Under current rules, Britain is scheduled to hold its next general election by January 2025. An older petition for a general election “to end the chaos of the current government” was quickly gathering more votes Friday, going over 700,000 signatures.
Truss took office after being elected by members of the Conservative Party to replace Johnson, rather than a contested general election. She will remain in place during another leadership selection, which her party has said will be done in days, a much shorter timeline after the last contest took around two months.
For Waller, the event planner, it seemed “everything got gradually worse and worse and worse” in recent months while infighting distracted the country’s politicians.
“Food costs are rising, wages aren’t increasing,” she said. “I’m trying to move house, and what would have been quite affordable even six months ago is now really unaffordable.”
Some were more optimistic, like David Ogbechie, a consultant who hoped Truss’s departure would prompt a financial rebound.
Truss had scrambled to reverse her vision for growth, quickly sacking her finance minister after a policy that included tax cuts for high-earners and corporations ended up spooking markets and sinking the pound.
“Maybe things will start to pick up after their erratic leadership,” Ogbechie said. “You can’t really do much worse in a short period of time. They kind of helped bring the U.K. to a bottom already, so the only way is up.”

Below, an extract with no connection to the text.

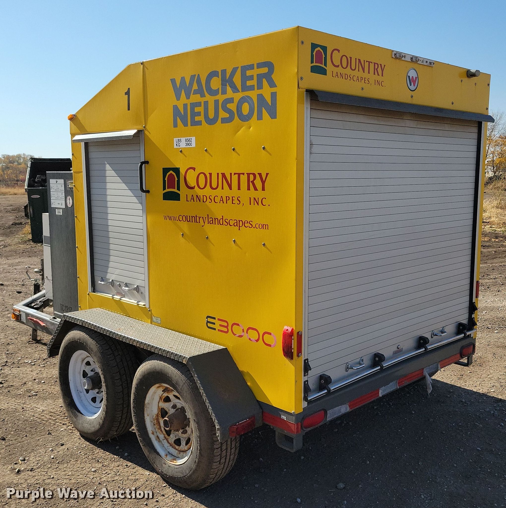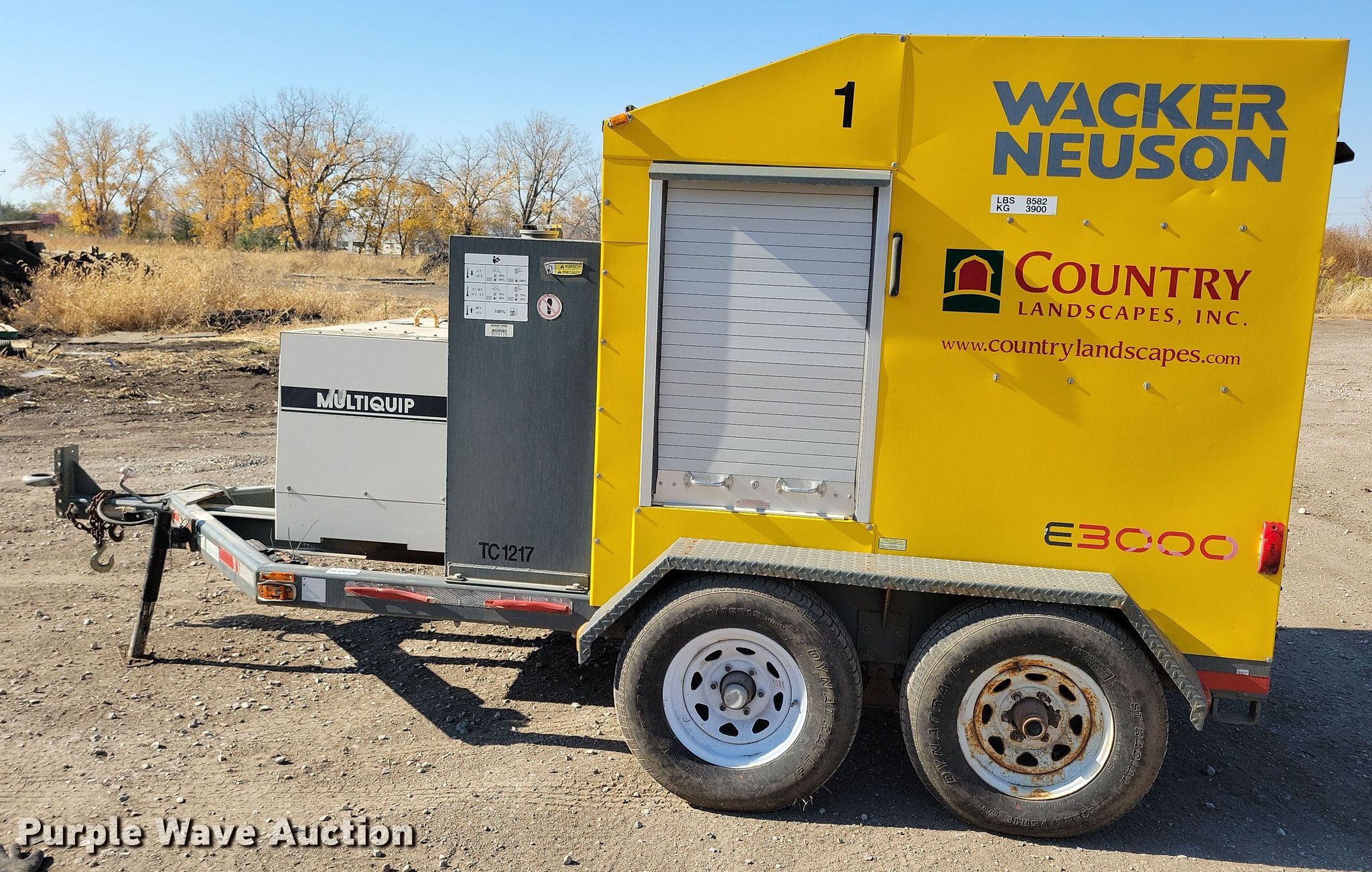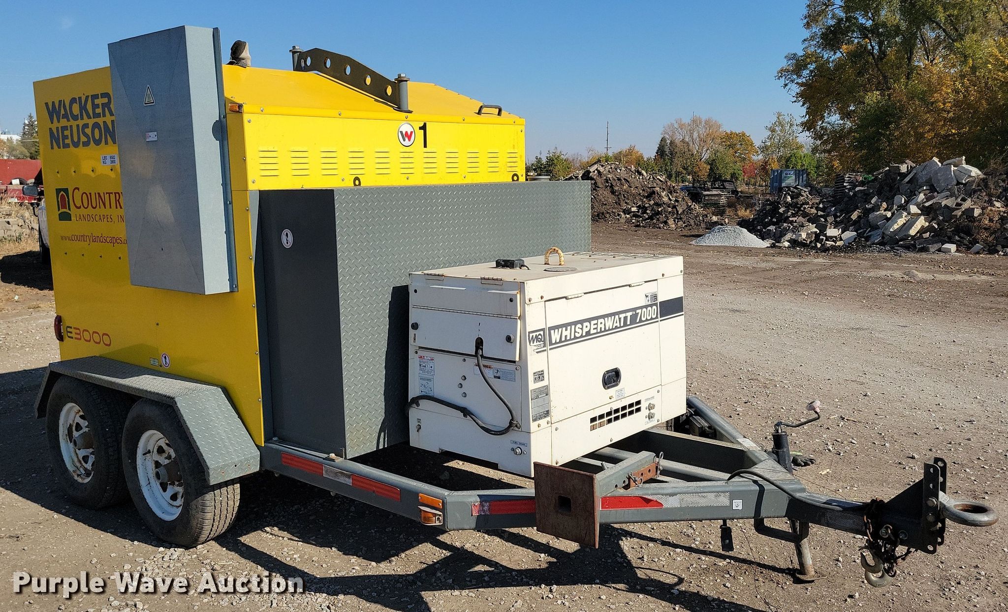 2013 Wacker Neuson E3000 ground heater. Hours: 6,942 on meter, Hours: 7,016 on second meter, VIN: 5XFCS1528DN004521. Engine Kubota Z482, Displacement:.479L, Cylinders: 2, Fuel type: Diesel, kW: 9.2. Features (2) hose reels, Generator Multiquip Whisperwatt 7000 Serial: 5702933, Watts: 7,000, Volts: 120/240, Phase: Single.. Tires Size: ST225/75R15. This is worksite support equipment and will not come with a title. Transfer of ownership documentation will be a bill of sale. Country Landscapes, Inc.. Ames, IA 50010

Michelle Bree, a chef, was less critical and hoped the bid for a new leader would not drag on. “I think there was pressure on her and it was too much,” she said.
But British media was not sympathetic. Late Thursday, the popular BBC program “Newsnight” showed a recap of Truss’s tenure in just under two minutes, set to Rihanna’s “Take a Bow.”
The montage’s background music included lyrics such as “you look so dumb right now” and “now it’s time to go, the curtain’s finally closing.”